Our old rabbit, Moo-Moo, died today. She came to us because her previous owner, a 5-year-old boy, had an allergic dad. That was particularly sad because it was his dad who had gotten Moo-Moo for the boy to begin with.
They named her Moo-Moo because she was black and white and reminded the boy of a Holstein cow.
My daughter called me, hoping that I would be able to take the rabbit in. The request came at a bad time. I was minimally employed. The thought of taking on another expense twisted in my stomach. These were the pre-bulldog years, but still we had Susie the Welsh Corgi, Moon the part-Siamese cat, and a yellow parakeet named Buddy.
The boy’s father had checked with all the local shelters. No one had room for even one more bunny. My daughter said that the dad had built a three-story “condominium” for Moo-Moo (that’s bunny stories, not human stories -still pretty impressive). And the rabbit was litter box trained.
I was on my way home from one of my part-time jobs when my daughter called. I told her I would think about it and get back to her quickly, one way or the other.
The boy didn’t want to give the rabbit up. His heart was probably breaking. That’s all that I could think about on the drive home. How unhappy that would have made me. How he might be tempted to be angry with his father even though it wasn’t the father’s fault. How he might worry about where Moo-Moo would end up and what would happen to her.
What was the current price of rabbit food? Could I commit the room for a 3-story rabbit hutch? Did I need to take on another pet?
I did not know the father or the boy. I had never met either of them and I never have. I had no personal obligation to take on the animal or solve their re-homing problem.

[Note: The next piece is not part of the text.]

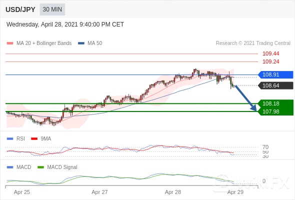 美元/日元 当日内: 看跌,在 108.91 之下。 转折点定在:108.91 交易策略:看跌,在 108.91 之下。备选策略:向上突破 108.91 ,将带来继续上行的趋势,目标位定在 109.24 和 109.44 。 技术点评 :RSI技术指标小于中性区域50。 MACD技术指标处在其信号线之下 看空。 此外,价位低于其20天及50天移动平均线 ( 分别位于 108.85 和 108.85 )。

And then I saw myself as the small, stingy, doubt-filled person I had become. If I couldn’t commit to take in a rabbit, a litter-trained rabbit with a 3-story condominium no less, what could I do? Before I even got home, I called my daughter back and told her Moo-Moo could come live with us. But, I added, be sure and bring the condo.
Being a rabbit, Moo-Moo was quiet though, early on, we almost renamed her “Thumper”. She expressed definite opinions about my volume level in the house. If I laughed too loudly at a comedy show or sang aloud, she thumped the floor of her condo violently. It was her rabbit version of an old-fashioned librarian putting her finger to her lips and shushing an unruly patron.
Among the bulldogs, Miss Sweetie had the closest rapport with Moo-Moo. They touched noses and carried on silent conversations. Miss Sweetie circled the rabbit condo with Moo-Moo keeping pace inside of it, a bulldog-rabbit race that went on until one or the other of them tired out.
Eventually Miss Sweetie would collapse with her back against the outside of the condo and Moo-Moo would skip up to the third floor of her rabbit home to take a rest.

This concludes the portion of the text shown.